Please note: This PhD defence will be given online.
Vedat
Levi
Alev,
PhD
candidate
David
R.
Cheriton
School
of
Computer
Science
The study of spectral expansion of graphs and expander graphs has been an extremely fruitful line of research in Mathematics and Computer Science, with applications ranging from random walks and fast sampling to optimization. In this dissertation, we study high dimensional local spectral expansion, which is a generalization of the theory of spectral expansion of graphs, to simplicial complexes.
We study two random walks on simplicial complexes, which we call the down-up walk, which captures a wide array of natural random walks which can be used to sample random combinatorial objects via the so-called heat-bath dynamics, and the swap walk, which can be thought as a random walk on a sparse version of the Kneser graph.
We prove a sharp bound on the second eigenvalue of the down-up walk and discuss applications of this in establishing the rapid mixing of several Markov chains used for sampling combinatorial objects.

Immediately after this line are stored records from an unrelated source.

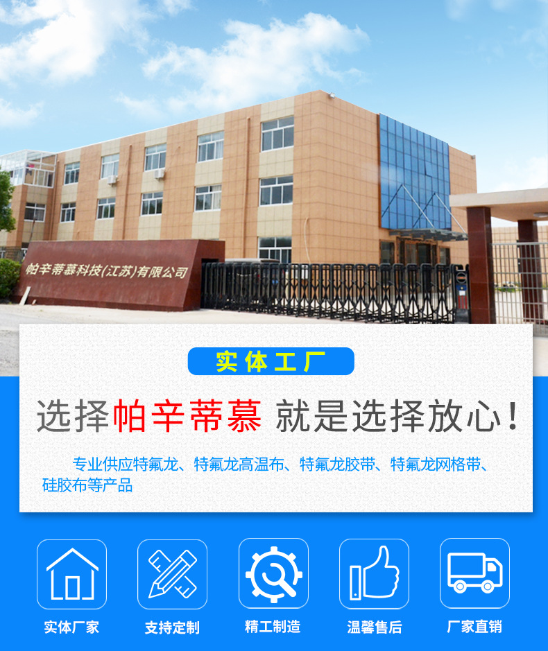 Copyright @ 2011-2018 帕辛蒂慕科技(江蘇)有限公司 All Rights Reserved. 版權所有 本站關鍵詞:特氟龍膠帶、特氟龍高溫布、鐵氟龍膜、特氟龍輸送帶、鐵氟龍膠帶 技術支持:泰州譽唯網絡 聯系電話:152 6104 6665 地址:江蘇省泰州泰興市根思鄉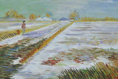 Das Weiße Haus hatte sich im vergangenen Sommer an das Guggenheim Museum gewandt und darum gebeten, Vincent von Goghs „Landschaft mit Schnee“ aus dem Jahre 1888 für den Wohnbereich des US-Präsidenten und First Lady Melania auszuleihen. Das Bild zeigt einen Mann mit einem schwarzen Hut, der mit einem Hund einen Weg in Arles (Frankreich) entlanggeht.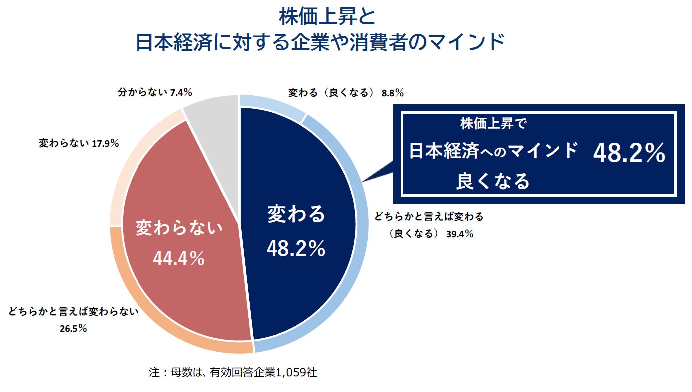 本アンケートの結果、昨今の大幅な株価の上昇で、約半数(48.2%)の企業が日本経済に対する企業や消費者のマインドが良くなると捉えていることが分かった。また4割超の企業で、消費マインド向上や資産価値の上昇など直接・間接的な恩恵を受けると見込んでいる。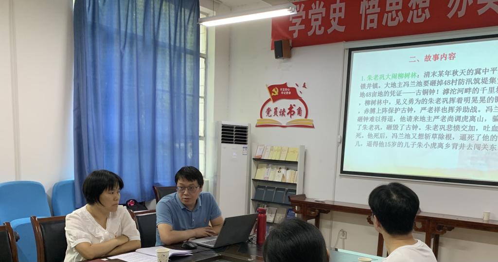 2021年7月2日,pp电子游戏平台网站教工一支部党员读书活动在党的100岁生日后继续展开。本次活动由pp电子游戏平台官网副院长朱云同志为大家分享《红旗谱》中的党史。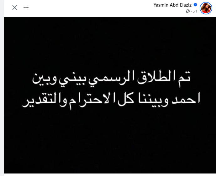 وأعلنت الفنانة ياسمين عبد العزيز، منذ قليل انفصالها عن الفنان أحمد العوضي، وكتبت ياسمين عبد العزيز منشورًا، عبر حسابها الشخصي فيس بوك: تم الطلاق بيني وبين أحمد وبينا كل الاحترام والتقدير.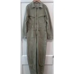Free People Lennox Denim Utility Jumpsuit Army Green Size S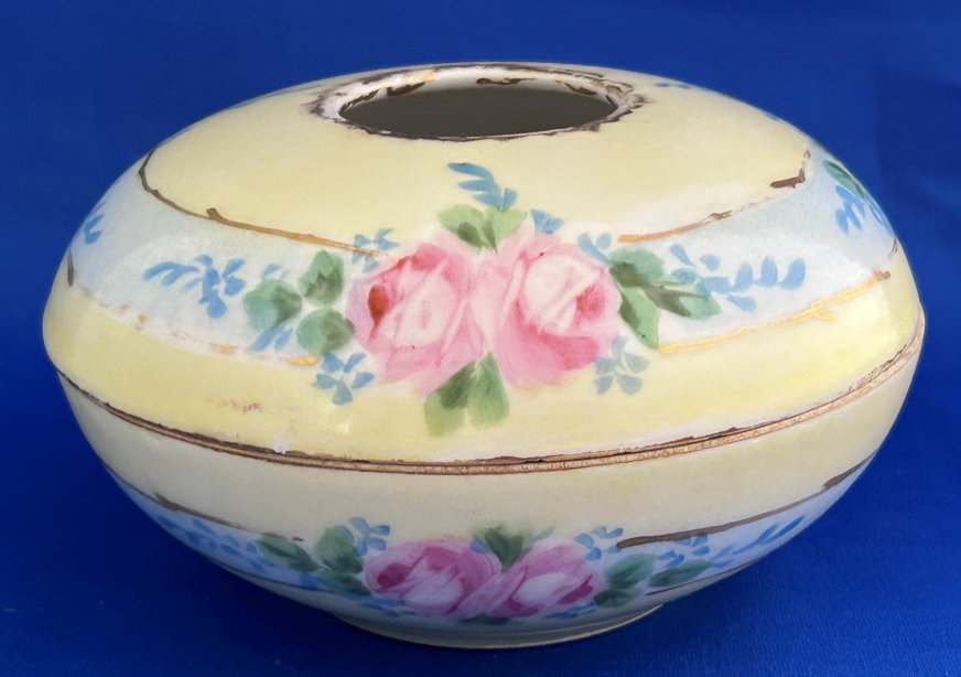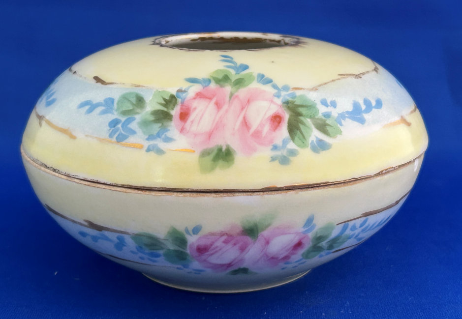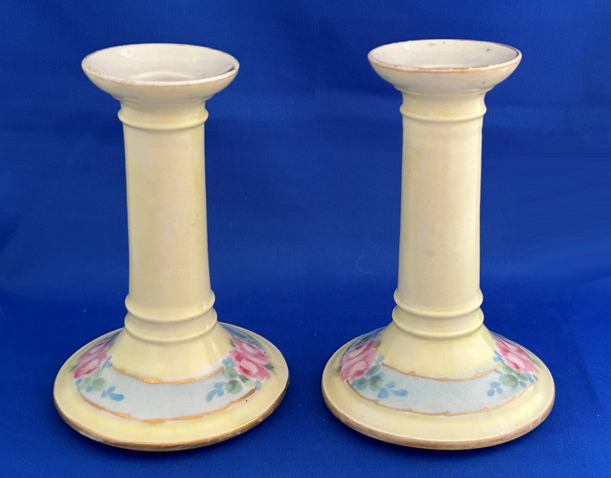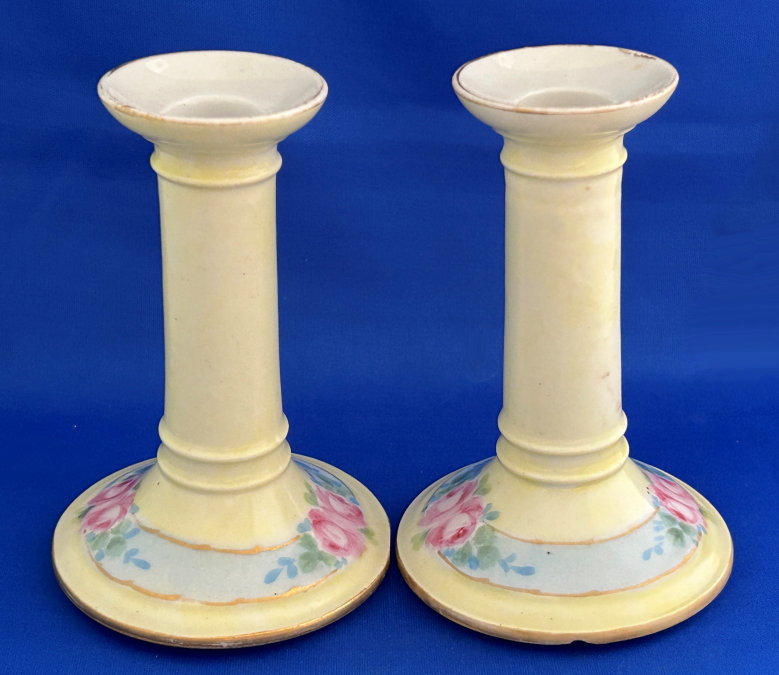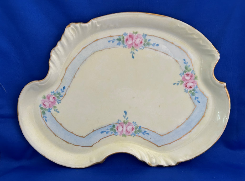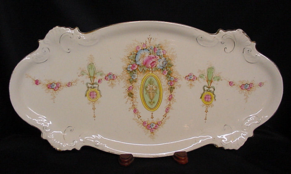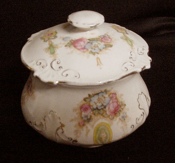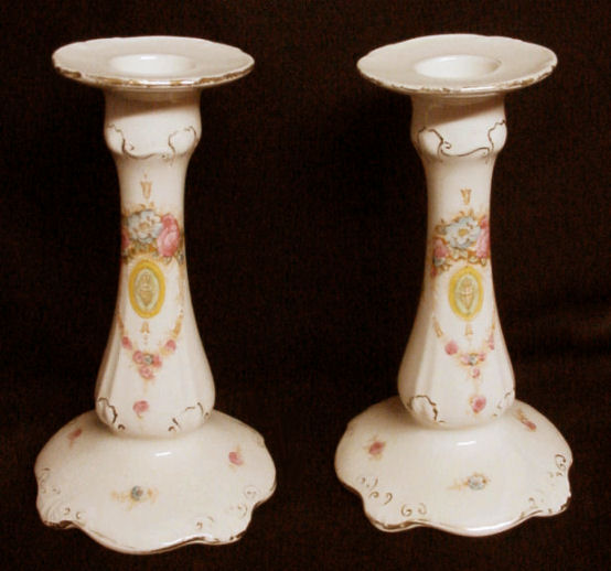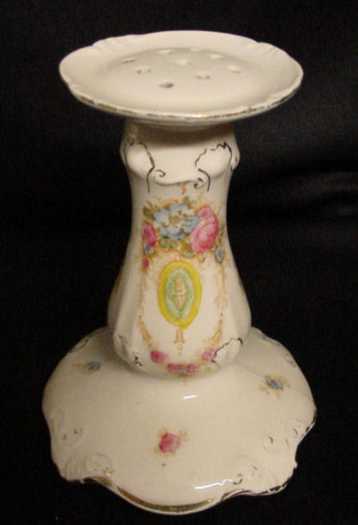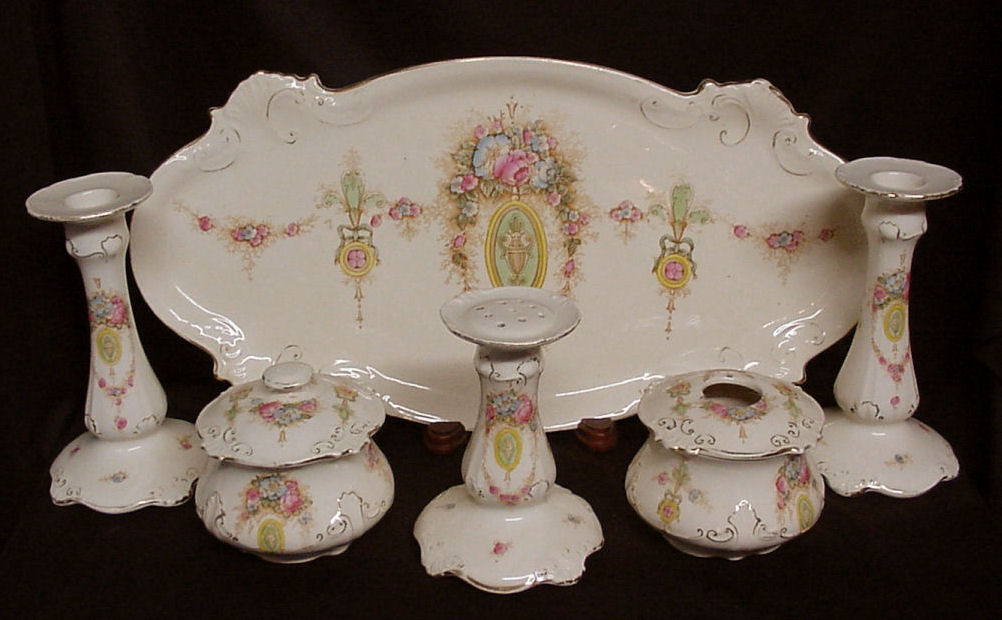 Of all the vanity sets I have owned, this one has to be my absolute favorite! Probably because the date on the bottom dates its manufacture to 1912, the year the Titanic embarked on its historic voyage. I just love the colors and the designs on this. It was made by S. Fielding & Company in Stoke-on-Trent, England. The 8-pc. set consists of a large shaped tray, pair of candle holders, hatpin holder, hair receiver and covered powder jar (lids count as part of set). Amazingly, ALL of the pieces are in excellent condition with no chips or cracks ... almost unheard of in a set of this size and age. The only sign of age at all is the slight wear to the gold gilt edging, all clearly visible in the pictures above. I believe "Lune" is the name of the design. Below are the measurements of each piece: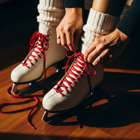 Woman tying ice skates on wooden floor. Winter sport concept.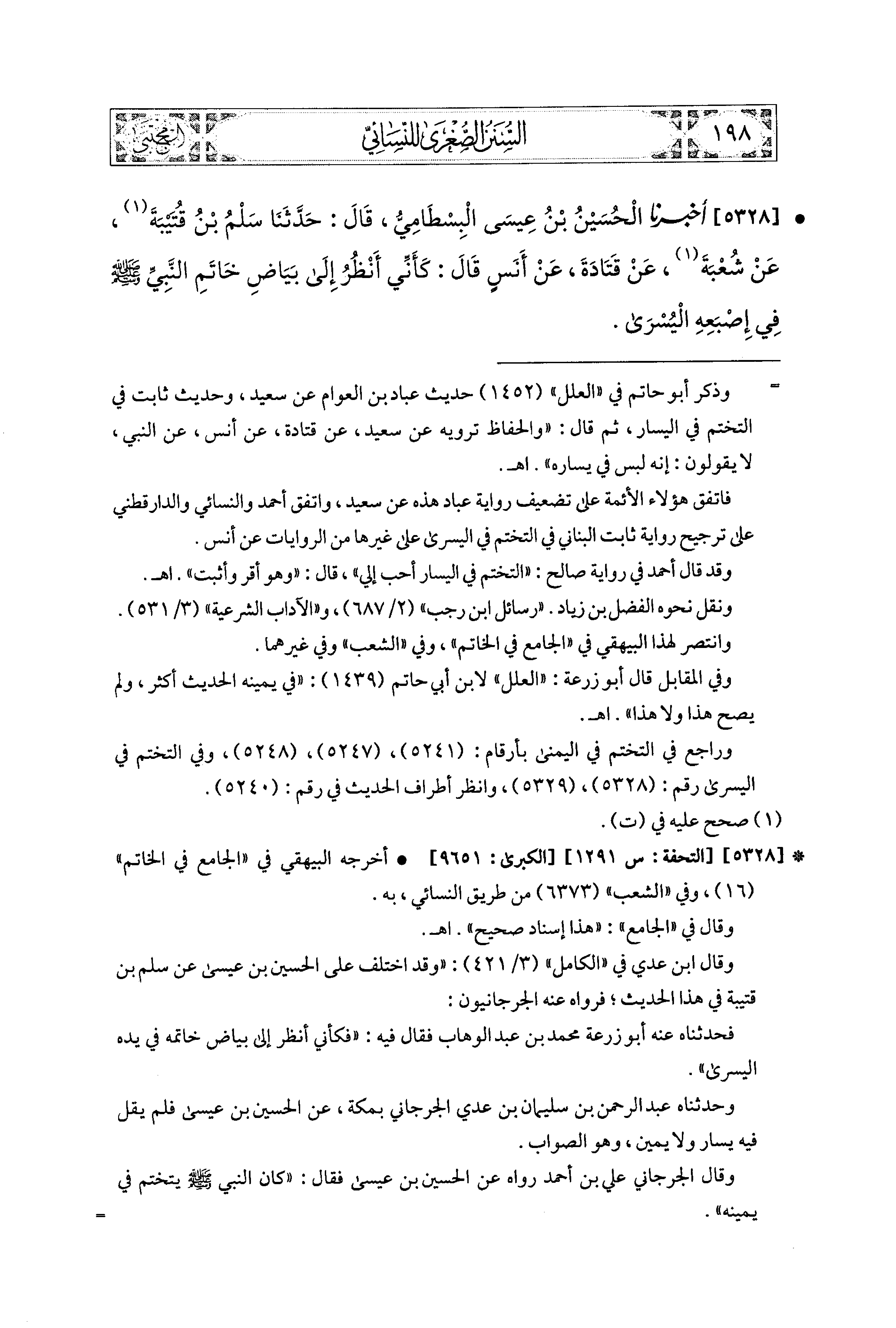 5328- أَخبَرَنا الحُسَيْنُ بنُ عِيسَى البِسْطَامِيُّ، قال: حَدَّثنا سَلْمُ بنُ قُتَيبَةَ، عَن شُعبَةَ، عَن قَتَادَةَ، عَن أَنَسٍ قَالَ: كَأَنِّي أَنْظُرُ إِلَى بَيَاضِ خَاتَمِ النَّبيِّ صَلى الله عَليه وسَلم فِي إِصْبَعِهِ اليُسْرَى.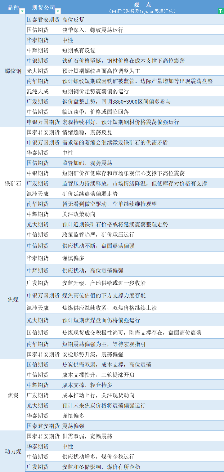 期货公司观点汇总一张图:11月28日黑色系(螺纹钢、焦煤、焦炭、铁矿石、动力煤等)
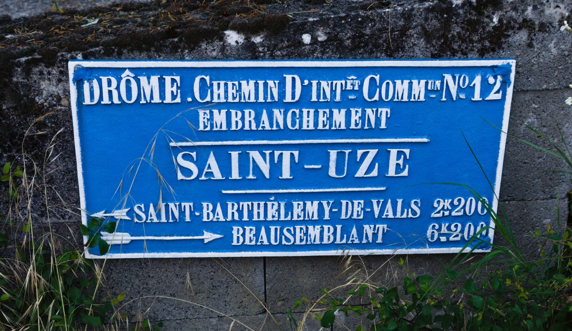 Le Chemin d’Intérêt Commun N°12 allait de St Vallier aux Fauries, un embranchement desservait St Uze et Beausemblant. Aujourd’hui D312, la première plaque est fixée sur l’église St Eustache à hauteur de la tour-clocher flanquant le côté sud du coeur.

Next, we study the spectrum of the swap walks, and show that using local spectral expansion we can relate the spectrum of swap-walk on any simplicial complex to the spectrum of the Kneser graph. We will mention applications of this result in (i) approximating constraint satisfaction problems (CSPs) on instances where the constraint hypergraph is a high dimensional local spectral expander; and in (ii) the construction of new families of list decodable codes based on (sparse) Ramanujan complexes of Lubotzky, Samuels, and Vishne.